Here, around 4 clusters is the elbow point. Next we can make an actual model with 4 clusters, and add it to the dataframe for each customer. The dataframe below shows the mean for each category for each group.
| Cluster | Recency | Frequency | Monetary |
|---|---|---|---|
| 0 | 27.508 | 1.61218 | 395.742 |
| 1 | 352.211 | 28.7719 | 793.778 |
| 2 | 102.5 | 1.5 | 80709.9 |
| 3 | 265.28 | 5.45686 | 414.016 |
The groups are:
- 0: High frequency customers: promote higher monetary sales
- 1: New customers: entice with limited-time discounts
- 2: High spending customers: reward with wholesale discounts
- 3: Average customers: promote with points rewards
The difference between RFM and KMeans is we have much more distinguished groups based on distances as shown in the graph, while the RFM analysis had overlaping customers in different areas. KMeans tended to group customers more on features, so different sales tactics can be targeted towards these features.
Modeling CLV
Let’s move on to finding the customer lifetime value of these customers for one year. I will be using the BetaGeoFitter and GammaGammaFitter from the lifetimes package to calculate the CLV. Customers with only one purchase will be filtered out for the models.
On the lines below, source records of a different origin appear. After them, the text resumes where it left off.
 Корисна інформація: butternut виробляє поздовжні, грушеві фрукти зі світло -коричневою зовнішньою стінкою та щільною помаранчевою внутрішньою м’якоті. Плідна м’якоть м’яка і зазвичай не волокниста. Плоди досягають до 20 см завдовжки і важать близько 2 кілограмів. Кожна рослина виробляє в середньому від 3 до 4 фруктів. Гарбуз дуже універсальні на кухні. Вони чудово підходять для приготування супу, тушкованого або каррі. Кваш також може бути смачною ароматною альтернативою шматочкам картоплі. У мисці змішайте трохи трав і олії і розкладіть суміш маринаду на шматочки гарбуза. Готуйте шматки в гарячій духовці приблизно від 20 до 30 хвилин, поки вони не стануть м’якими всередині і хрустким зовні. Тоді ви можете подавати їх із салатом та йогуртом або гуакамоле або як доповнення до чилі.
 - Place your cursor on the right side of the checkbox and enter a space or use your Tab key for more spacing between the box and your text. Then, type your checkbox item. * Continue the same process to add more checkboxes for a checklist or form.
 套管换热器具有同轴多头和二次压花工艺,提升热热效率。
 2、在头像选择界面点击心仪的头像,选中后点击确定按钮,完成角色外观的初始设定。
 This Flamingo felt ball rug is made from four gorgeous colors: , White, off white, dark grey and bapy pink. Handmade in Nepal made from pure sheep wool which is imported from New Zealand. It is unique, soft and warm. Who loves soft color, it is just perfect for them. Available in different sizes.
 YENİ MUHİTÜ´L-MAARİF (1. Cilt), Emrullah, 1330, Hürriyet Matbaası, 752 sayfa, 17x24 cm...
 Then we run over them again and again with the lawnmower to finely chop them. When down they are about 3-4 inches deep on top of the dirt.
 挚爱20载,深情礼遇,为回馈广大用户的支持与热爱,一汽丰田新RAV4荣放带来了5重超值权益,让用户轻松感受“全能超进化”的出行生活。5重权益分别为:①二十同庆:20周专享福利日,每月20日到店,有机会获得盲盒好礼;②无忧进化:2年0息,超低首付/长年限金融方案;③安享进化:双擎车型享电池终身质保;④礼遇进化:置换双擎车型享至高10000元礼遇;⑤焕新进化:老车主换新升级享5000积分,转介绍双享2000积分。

The Beta-Geometric/NBD model is a type of Buy Till You Die model that describes the dropout process of customers and can predict how many transactions a customer will make. I will combine this with the Gamma-Gamma Submodel can predict the profit for each customer. After fitting both models, we can use the customer_lifetime_value function under the Gamma-Gamma model to create a column for the dataframe with the CLV of each customer, and graph this with the RFM graph.
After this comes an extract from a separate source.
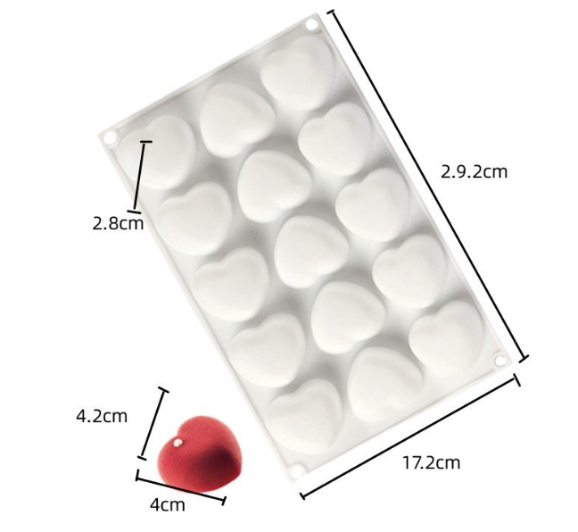 15 cavity heart Silicone Mould for mousse, baking, desserts etc
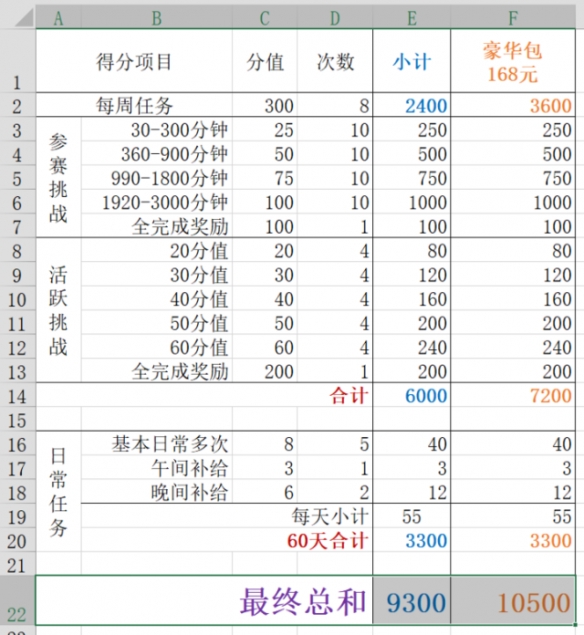 以上表格为赛季积分值获得项目,根据自身条件和目的来选择吧。

| CustomerID | frequency | recency | T | monetary_value | CLV | group |
|---|---|---|---|---|---|---|
| 12347 | 6 | 365 | 367 | 599.702 | 3007.45 | 4 |
| 12348 | 3 | 283 | 358 | 261.48 | 911.965 | 2 |
| 12352 | 6 | 260 | 296 | 244.29 | 1705.14 | 3 |
| 12356 | 2 | 303 | 325 | 269.905 | 774.421 | 1 |
| 12358 | 1 | 149 | 150 | 523.2 | 1300.52 | 2 |
Here are the descriptive statistics for CLV:
| CLV | |
|---|---|
| count | 2784 |
| mean | 2662.11 |
| std | 8683.81 |
| min | 312.874 |
| 25% | 817.444 |
| 50% | 1366.32 |
| 75% | 2364.95 |
| max | 221407 |
We can see that most customers have a CLV around the mean but there are a few outliers with high scores. CLV values can also be used to create sementations for customers (as seen in the Group column, like with RFM earlier).
The BGF model can also be used to predict the how many purchases customers will make within the next 30 days (and many other predictions). Here are the top 5 for this dataset:
| CustomerID | Expected Purchases |
|---|---|
| 14911 | 8.9461 |
| 12748 | 7.72459 |
| 17841 | 7.5888 |
| 15311 | 6.09582 |
| 14606 | 6.02791 |
Overall, there are several ways to segment customers with different benefits and drawbacks depending on what analysis should be done on customer databases. With more data on customers, we could extend our modeling to predicting what customers will buy and when.